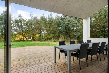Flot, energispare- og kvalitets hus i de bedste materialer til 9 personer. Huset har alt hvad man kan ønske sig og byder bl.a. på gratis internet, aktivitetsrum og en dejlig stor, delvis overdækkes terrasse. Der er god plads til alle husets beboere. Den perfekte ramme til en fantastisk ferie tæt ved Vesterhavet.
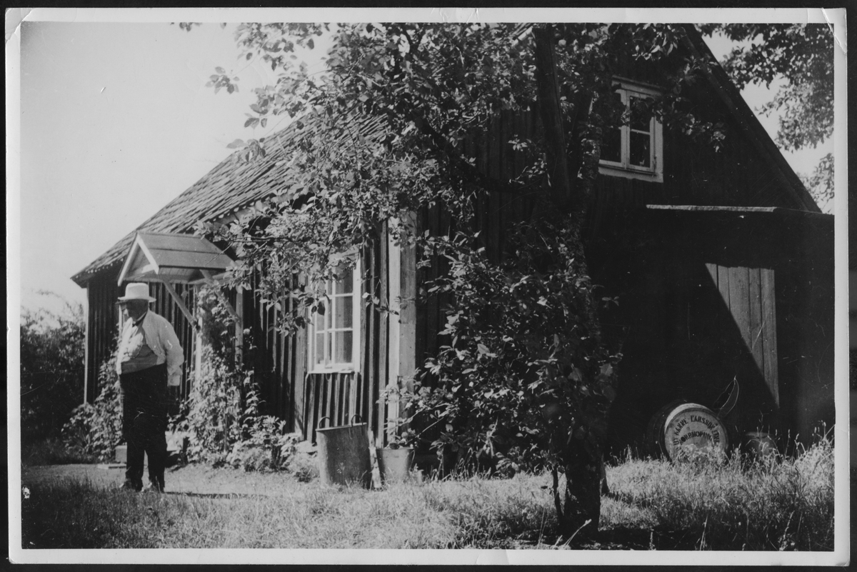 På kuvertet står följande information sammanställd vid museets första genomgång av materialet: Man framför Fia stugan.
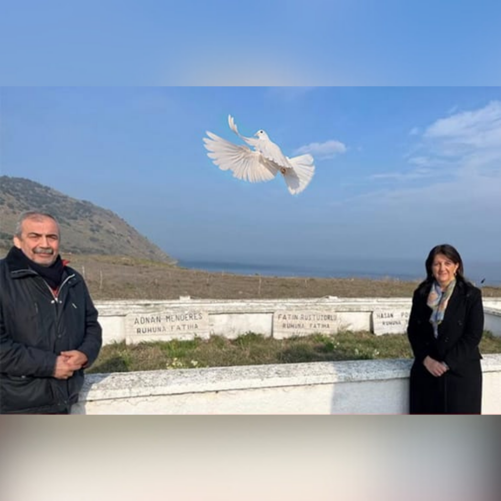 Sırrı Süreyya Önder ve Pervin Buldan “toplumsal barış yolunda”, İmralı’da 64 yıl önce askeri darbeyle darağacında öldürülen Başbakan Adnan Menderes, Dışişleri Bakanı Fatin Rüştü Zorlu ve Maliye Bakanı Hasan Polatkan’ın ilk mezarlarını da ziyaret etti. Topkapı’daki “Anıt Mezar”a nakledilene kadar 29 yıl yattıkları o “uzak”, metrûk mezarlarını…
========================
WORK ORDER:
Would you please output the listing above exactly, leaving out the pictures?

RESPONSE TO THE TASK:
Flot, energispare- og kvalitets hus i de bedste materialer til 9 personer. Huset har alt hvad man kan ønske sig og byder bl.a. på gratis internet, aktivitetsrum og en dejlig stor, delvis overdækkes terrasse. Der er god plads til alle husets beboere. Den perfekte ramme til en fantastisk ferie tæt ved Vesterhavet.
 På kuvertet står följande information sammanställd vid museets första genomgång av materialet: Man framför Fia stugan.
 Sırrı Süreyya Önder ve Pervin Buldan “toplumsal barış yolunda”, İmralı’da 64 yıl önce askeri darbeyle darağacında öldürülen Başbakan Adnan Menderes, Dışişleri Bakanı Fatin Rüştü Zorlu ve Maliye Bakanı Hasan Polatkan’ın ilk mezarlarını da ziyaret etti. Topkapı’daki “Anıt Mezar”a nakledilene kadar 29 yıl yattıkları o “uzak”, metrûk mezarlarını…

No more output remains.